That's some kit car, great work & a stunning finish


----------



## taz007 (Dec 31, 2007)

that is pretty cool. nice colour and some turnaround there!


----------



## Spudey (Jun 13, 2011)

Great work and an amazing car, would never know it was a replica if I passed it on the road!


----------



## Deeper Detail (Oct 31, 2010)

SteveTDCi said:


> That's some kit car, great work & a stunning finish





taz007 said:


> that is pretty cool. nice colour and some turnaround there!





Spudey said:


> Great work and an amazing car, would never know it was a replica if I passed it on the road!


Thanks for the comments guys. Appreciated. :thumb:


----------



## Alfieharley1 (Jun 8, 2014)

Amazing work shame this is a replica. 
I do however know a Gentlemen in Leicester (Lives next door to my uncle) who has a original Countach in the most amazing condition ever. He paid £40,000.00 and had it now valued at over £150,000 +.
They are seriously beautiful cars!

Again very good job though on the detail! hope the customer was pleased.

P.S If you want to see it look on the link. This is my uncles PDR
http://www.auto-dents.co.uk/

(Sorry for thread gloating) Just seen a oppurtunity to show an amazing car and abit of my uncles work


----------



## [email protected] (Nov 3, 2011)

Great turn around! Customer will of been chuffed to bits with that and what an awesome car!!!


----------



## v12klr (Jun 29, 2014)

Great work.


----------



## Streeto (Apr 3, 2008)

Fantastic work, looks like a good replica from the pictures too.
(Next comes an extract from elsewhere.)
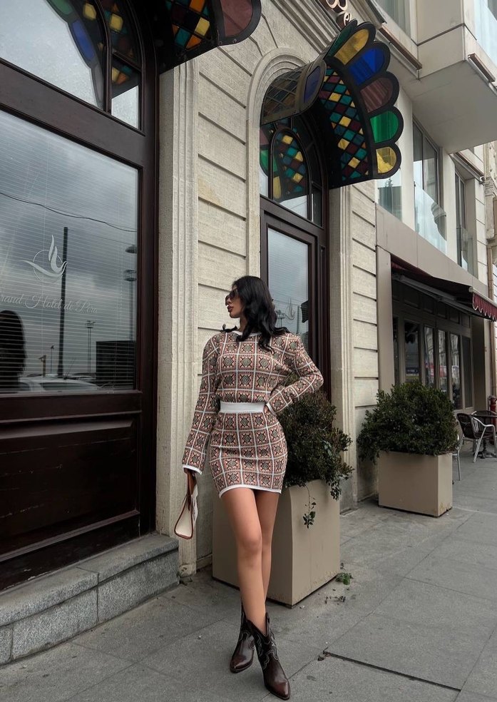 Kahverengi ve gri kareli, boğazlı ve uzun kollu, kemerli bel detayıyla fit kesim mini elbise. Sokak stiline uygun, günlük kullanıma ideal.

Not an MR2 turbo shell suit Ferrari ebay special.


----------



## SBM (Jul 4, 2013)

fantastic job on one o the best kit cars of this I have seen. :thumb::thumb:


----------



## DJBAILEY (May 7, 2011)

Wow. That must have been quite the challenge. Must not be many areas where you could actually polish a 2x2 ft section. Must have needed to break it up into really small sections.


----------



## Deeper Detail (Oct 31, 2010)

[email protected] said:


> Great turn around! Customer will of been chuffed to bits with that and what an awesome car!!!


Thanks sk1pr, customer was pleased with the result, a long one though... 


v12klr said:


> Great work.


:thumb:


Streeto said:


> Fantastic work, looks like a good replica from the pictures too. Not an MR2 turbo shell suit Ferrari ebay special.
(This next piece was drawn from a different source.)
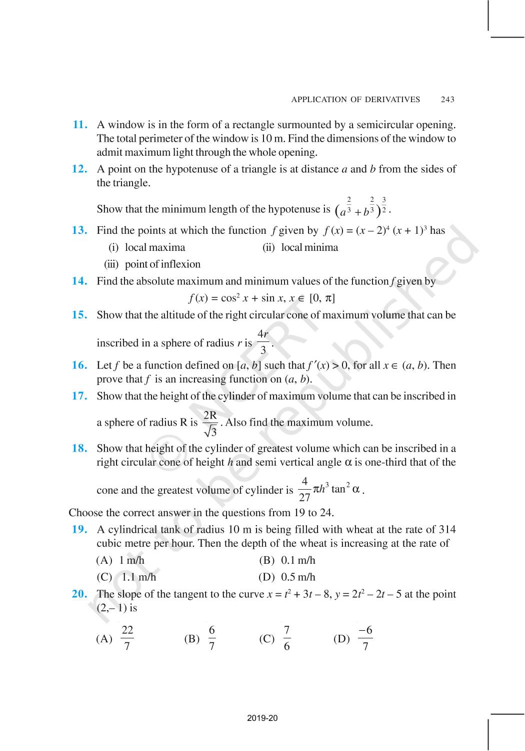 The time when students had limited options of choice for NCERT books wherein they need to go to the bookstore to buy the books but here at BeTrained.in, you can read the complete chapter-Application Of Derivatives of NCERT books for class 12 Mathematics Part I. If CBSE class 12 students are finding it hard to search for NCERT Mathematics Part I books online, then this is the right place as we have provided the textbooks of NCERT chapter wise. These books are available on our website for free along with NCERT Solutions and Exemplar solutions.

Cheers Streeto, it did look very well put together for sure, even the paintwork looked better than a lot of aftermarket paint jobs, no expense spared and well loved.


SBM said:


> fantastic job on one o the best kit cars of this I have seen. :thumb::thumb:


Thank you SBM :thumb:


DJBAILEY said:


> Wow. That must have been quite the challenge. Must not be many areas where you could actually polish a 2x2 ft section. Must have needed to break it up into really small sections.


It did take quite a number of days to complete and as you say, some finicky areas where I found myself using smaller pads and backing plates (3"-1") for more than half the car, plus extension tools, so I had to have some patience on this one


----------



## Beau Technique (Jun 21, 2010)

Bout time you dragged this one out Mike. Top work mate.


----------



## PaulN (Jan 17, 2008)

Looks great.... I bet few would know its a replica... its a smasher....


----------



## Bero (Mar 9, 2008)

Great and difficult work!

The car looks very well proportioned...less restrictions with a custom kit I guess. How was the interior? Often a telling area.

Still a kit car tho


----------



## PieBoy1994 (Jun 22, 2014)

What a job!


----------



## 123quackers (Jan 29, 2009)

very nice, very difficult to reach places an some back ache i would guess!!
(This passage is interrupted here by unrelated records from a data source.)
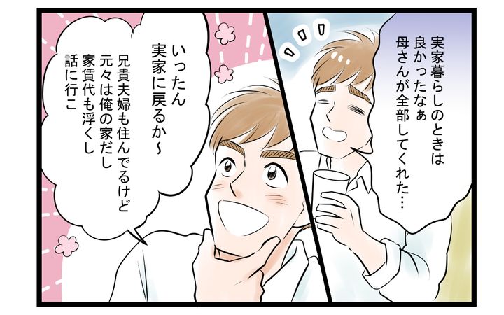 家事を頻繁に外注するほどお金に余裕もなく、しばらく実家に帰って身の回りの世話はやってもらうことを思いついたのですが、実家ではすでに両親と兄夫婦が同居しており、家族からは塩対応。そして母からは予想外の一言が……。
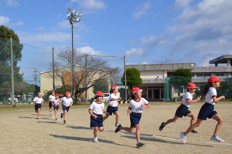 「自分に負けないぞ、あの子には負けたくない」と、高学年が力強く、真剣に走る姿を低学年が見て、「一生懸命がむしゃんよか」と感じて、粘り強く、しなやかに、したたかに走り、持久走を楽しんでほしいと願います。
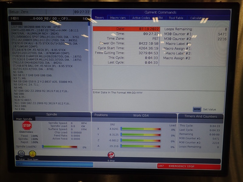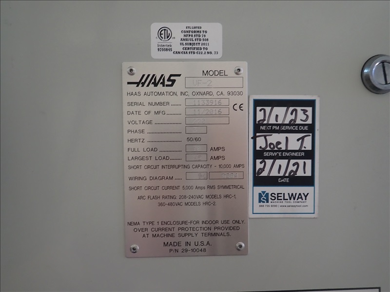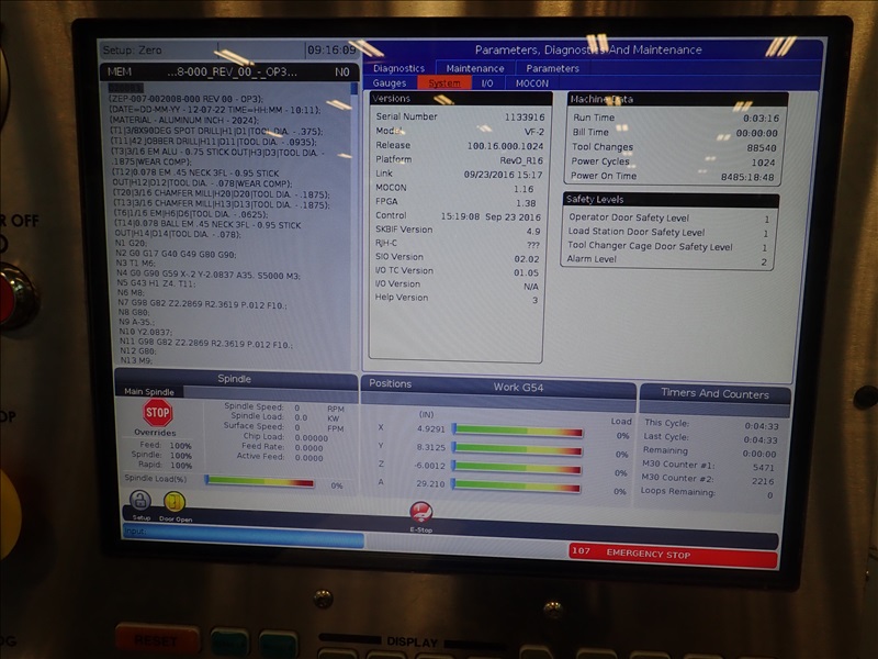 CNC VERTICAL MACHINING CENTER, 24-STATION SIDE MOUNT ATC, 16"X36" TABLE, CHIP AUGER, CONTROLS, 4TH READY, S/N: 1133916

the engine cover I have found is always best to remove as it does save time...


----------



## Eurogloss (Jan 22, 2008)

Great work Mike , excellent reflections and gloss !:thumb:

Mario


----------



## Deeper Detail (Oct 31, 2010)

Beau Technique said:


> Bout time you dragged this one out Mike. Top work mate.


I'm sooo behind with write ups mate as you know... Look how long its took to reply to you lol


PaulN said:


> Looks great.... I bet few would know its a replica... its a smasher....


Thanks PaulN 


Bero said:


> Great and difficult work!
> 
> The car looks very well proportioned...less restrictions with a custom kit I guess. How was the interior? Often a telling area.
> 
> Still a kit car tho


The interior was done well imo. Custom black leather. Talking to a few different people, some of the kit cars done actually drove better than the originals, but obviously not worth as much 


PieBoy1994 said:


> What a job!


:thumb:


123quackers said:


> very nice, very difficult to reach places an some back ache i would guess!!
> 
> the engine cover I have found is always best to remove as it does save time...


Thanks. Yep, some back ache gained along the way. it would have been nice to remove the engine cover, but the owner wasn't present for the duration of the detail, so I thought it vest leaving the car in one piece 


Eurogloss said:


> Great work Mike , excellent reflections and gloss !:thumb:
> 
> Mario


Thank you Mario, I hope you are well mate :thumb:


----------